### DIRECTIONS FOR THIS TASK:
Reproduce from the records below, with no pictures, exactly the lines between the one containing "- Zusammenführen von" and the one containing "そしてついに12人の使途が見", inclusive.

--- MATERIAL TO PROCESS ---

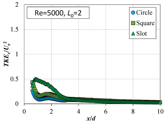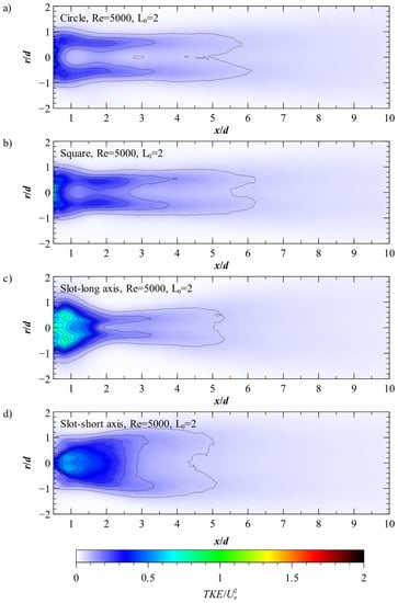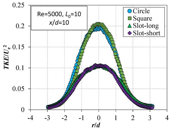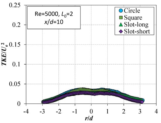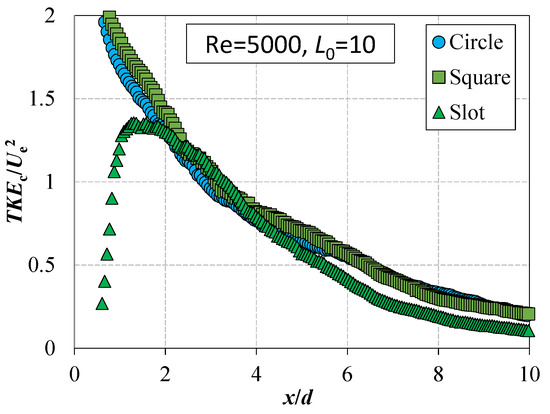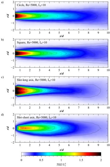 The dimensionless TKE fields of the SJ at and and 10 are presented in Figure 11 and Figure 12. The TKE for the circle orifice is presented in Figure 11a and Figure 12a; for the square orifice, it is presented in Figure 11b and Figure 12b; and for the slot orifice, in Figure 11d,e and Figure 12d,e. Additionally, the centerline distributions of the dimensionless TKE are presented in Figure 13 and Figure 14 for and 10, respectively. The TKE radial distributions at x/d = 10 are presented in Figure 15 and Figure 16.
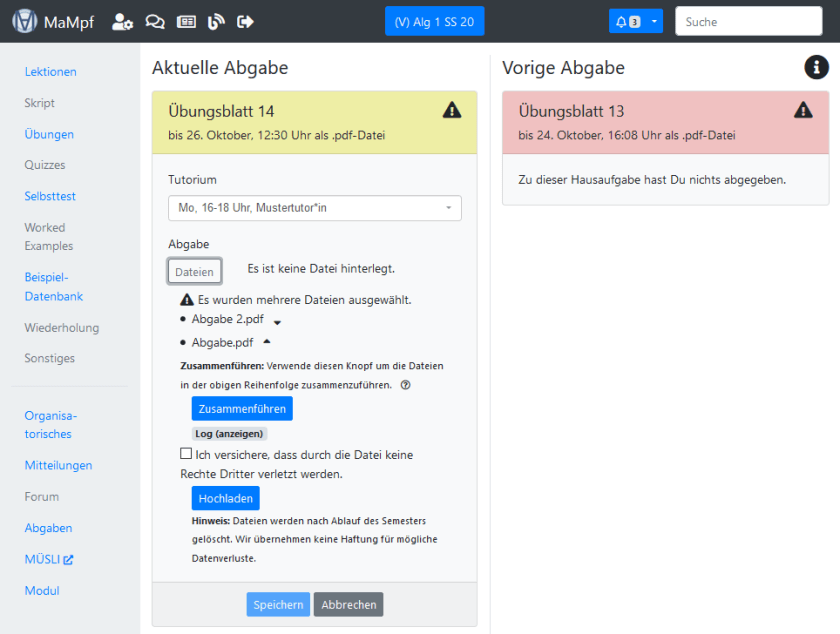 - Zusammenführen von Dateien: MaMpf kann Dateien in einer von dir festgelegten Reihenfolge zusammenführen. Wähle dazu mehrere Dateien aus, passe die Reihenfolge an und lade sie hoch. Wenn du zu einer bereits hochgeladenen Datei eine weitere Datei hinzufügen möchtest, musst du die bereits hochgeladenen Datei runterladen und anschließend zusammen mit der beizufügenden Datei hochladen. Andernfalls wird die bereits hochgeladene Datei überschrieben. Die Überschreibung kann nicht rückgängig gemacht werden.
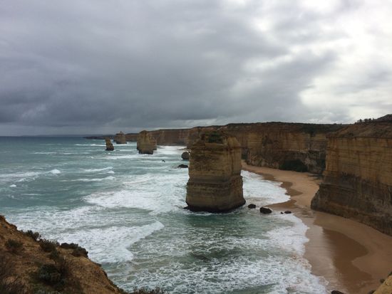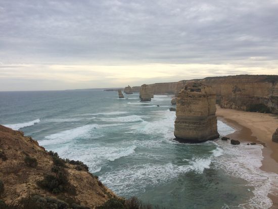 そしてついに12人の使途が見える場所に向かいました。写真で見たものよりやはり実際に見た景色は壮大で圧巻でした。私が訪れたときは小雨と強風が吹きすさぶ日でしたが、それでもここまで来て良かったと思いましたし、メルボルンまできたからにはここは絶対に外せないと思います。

---
--- MATERIAL TO PROCESS ---

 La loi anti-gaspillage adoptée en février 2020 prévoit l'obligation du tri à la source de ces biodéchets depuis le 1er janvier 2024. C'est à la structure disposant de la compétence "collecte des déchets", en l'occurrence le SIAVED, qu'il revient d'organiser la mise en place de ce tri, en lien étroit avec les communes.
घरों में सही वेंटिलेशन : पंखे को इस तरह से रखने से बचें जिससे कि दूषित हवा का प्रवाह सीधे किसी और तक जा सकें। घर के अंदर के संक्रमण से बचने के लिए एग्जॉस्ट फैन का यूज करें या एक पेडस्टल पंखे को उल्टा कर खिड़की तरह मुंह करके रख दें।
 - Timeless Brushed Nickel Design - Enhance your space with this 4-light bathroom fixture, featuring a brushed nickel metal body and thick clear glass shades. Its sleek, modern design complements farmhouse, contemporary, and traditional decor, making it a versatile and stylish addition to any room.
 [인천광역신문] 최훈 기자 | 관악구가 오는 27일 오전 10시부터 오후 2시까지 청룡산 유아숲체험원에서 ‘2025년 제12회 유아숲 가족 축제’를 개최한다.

---
--- MATERIAL TO PROCESS ---

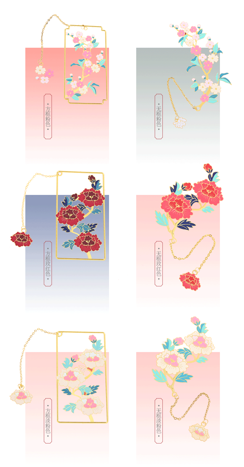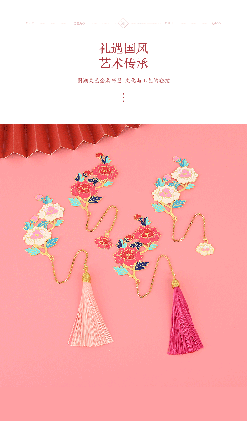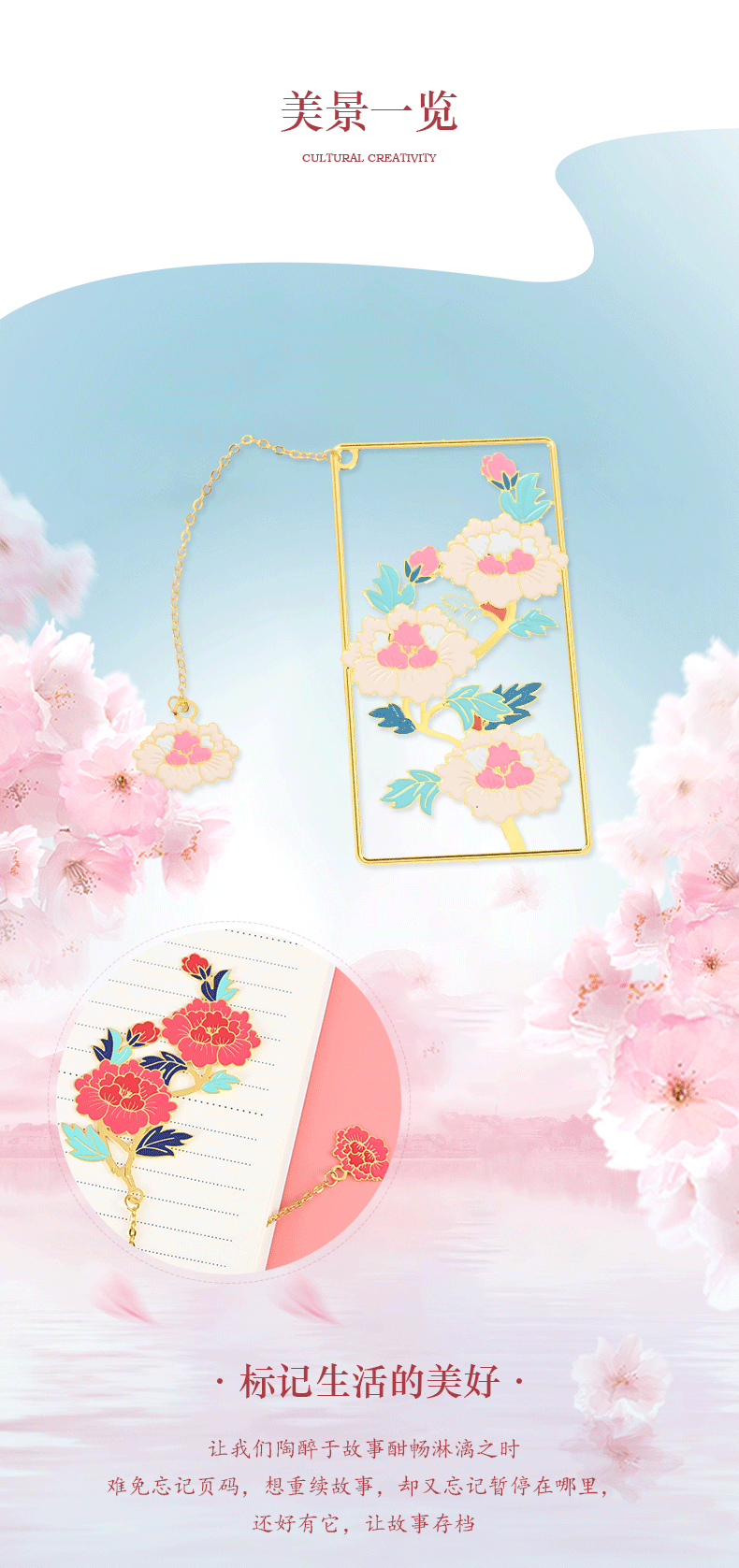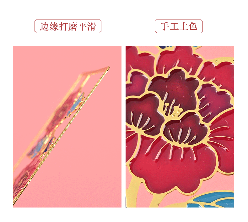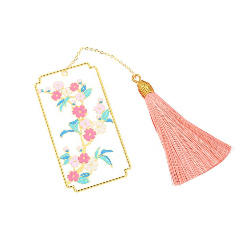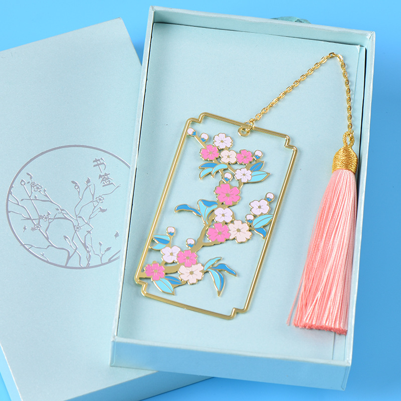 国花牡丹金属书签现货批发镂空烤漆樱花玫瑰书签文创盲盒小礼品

---

### REPLY:
 - Zusammenführen von Dateien: MaMpf kann Dateien in einer von dir festgelegten Reihenfolge zusammenführen. Wähle dazu mehrere Dateien aus, passe die Reihenfolge an und lade sie hoch. Wenn du zu einer bereits hochgeladenen Datei eine weitere Datei hinzufügen möchtest, musst du die bereits hochgeladenen Datei runterladen und anschließend zusammen mit der beizufügenden Datei hochladen. Andernfalls wird die bereits hochgeladene Datei überschrieben. Die Überschreibung kann nicht rückgängig gemacht werden.
 そしてついに12人の使途が見える場所に向かいました。写真で見たものよりやはり実際に見た景色は壮大で圧巻でした。私が訪れたときは小雨と強風が吹きすさぶ日でしたが、それでもここまで来て良かったと思いましたし、メルボルンまできたからにはここは絶対に外せないと思います。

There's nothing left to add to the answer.